- The Washington Times - Monday, December 1, 2003

A simmering pot of chili is so common in American kitchens that we have earned the right to call this dish our own.

Chili-cooking contests for home cooks abound, and chili restaurants offer the warming bowl in numerous flavors. Although I grew up in the United States, I had a chili-deprived childhood. My mother disliked strong flavors and didn’t make it.

During my years studying cooking in France, my palate became attuned to subtle flavors. On the rare occasions when a Parisian chef used cayenne pepper — in a butter sauce, for example — he emphasized the importance of adding only the tiniest amount, the amount you could lift on a paring knife’s point.

When I tasted my first bowl of red, I was overwhelmed by its fiery flavor. It was at a chili house in New York, and I ordered it “medium.” The chili came in a deep bowl and was boiling hot. Although I was hungry, I could eat only two or three spoonfuls. The few crackers served on the side didn’t help much.
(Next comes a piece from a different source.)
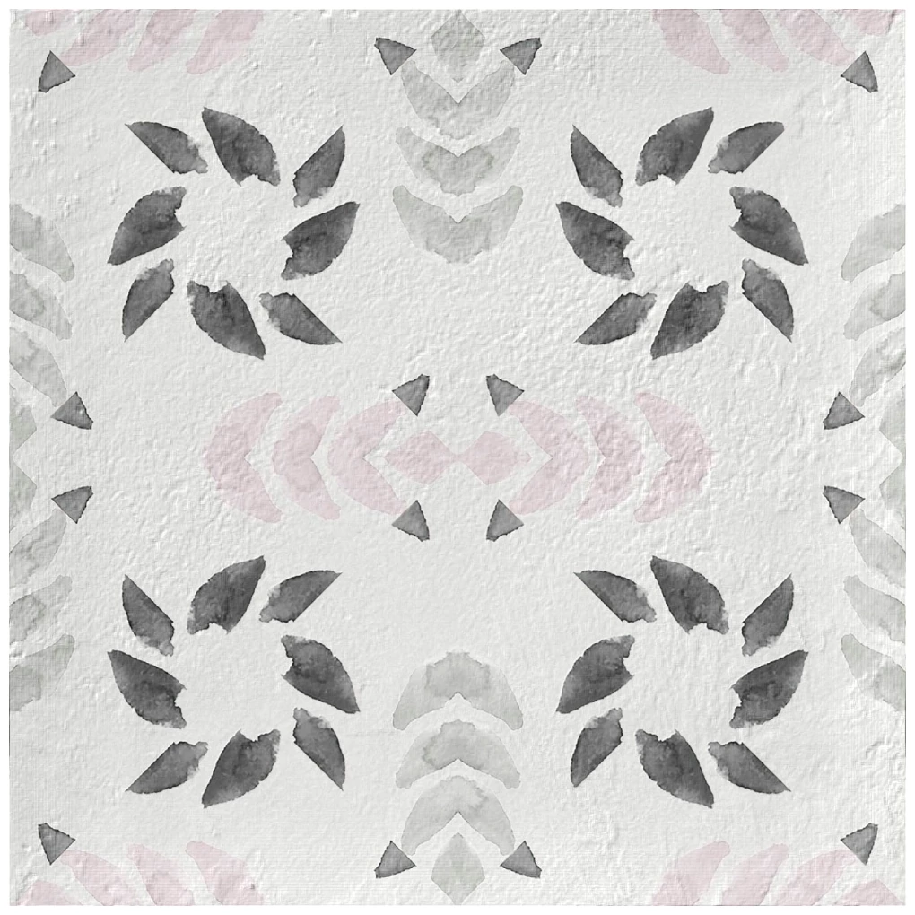 Gres hiszpański w stylu rustykalnym na podłogę z kolekcji Harmony Dakar wyróżnia się drobnym, subtelnym ornamentem. Wzór komponuje się z delikatnych łuków i liści w odcieniach szarości i bladego różu, które układają się w regularne grupy na jasnym tle. Matowa powierzchnia płytki nadaje jej wyważony, nieprzesadnie błyszczący wygląd, dzięki czemu wzór pozostaje stonowany, lecz widoczny. Taka faktura ogranicza też odbicia światła, co wpływa na komfort użytkowania i estetykę w pomieszczeniu.

Some months later, I ate a dish that recalled chili, not at an American restaurant but at an Indian eatery. The entree, called “keema,” was very spicy, and this time I enjoyed it. Neelam Batra, author of “1,000 Indian Recipes” (Wiley), calls it “the south Indian version of chili” and makes it from beef or lamb cooked in coconut milk with onion, garlic, ginger and plenty of spice, including turmeric, dried red chile peppers, cumin and black mustard seeds.

For me, there was one important difference between this chili and the first one I had tasted. The Indian chili was served as a sauce over aromatic basmati rice. The rice absorbed the heat of the peppery mixture and was complemented by it.
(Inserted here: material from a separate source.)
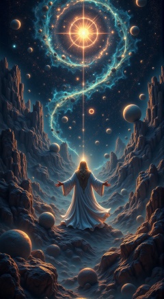 An epic scene showing the creation of the universe, with Metatron hovering above, his hands outstretched, as stars and planets appear out of nowhere. High resolution, developed textures, realistic shadows and smooth grain effect.

Soon, I was hooked on chili and began to look for it in other cuisines. It turned out that many culinary cultures boast such saucy dishes of ground meat and spice, with and without beans. At an Afghan meal, I sampled a chili-like mixture served over mantu, a sort of tortellino, and topped with yogurt. The Afghan chili was spiced with ground coriander and had legumes, too — yellow split peas. Actually, it was served like a spicy spaghetti sauce.

These examples showed me the value of chili as a topping. Chili is so intensely flavored that eating it on its own feels almost like eating a sauce by the spoonful. Good bread, rice or pasta immeasurably enhances the chili experience. I love American or Tex-Mex chili with tortillas, a time-honored accompaniment, or over spaghetti.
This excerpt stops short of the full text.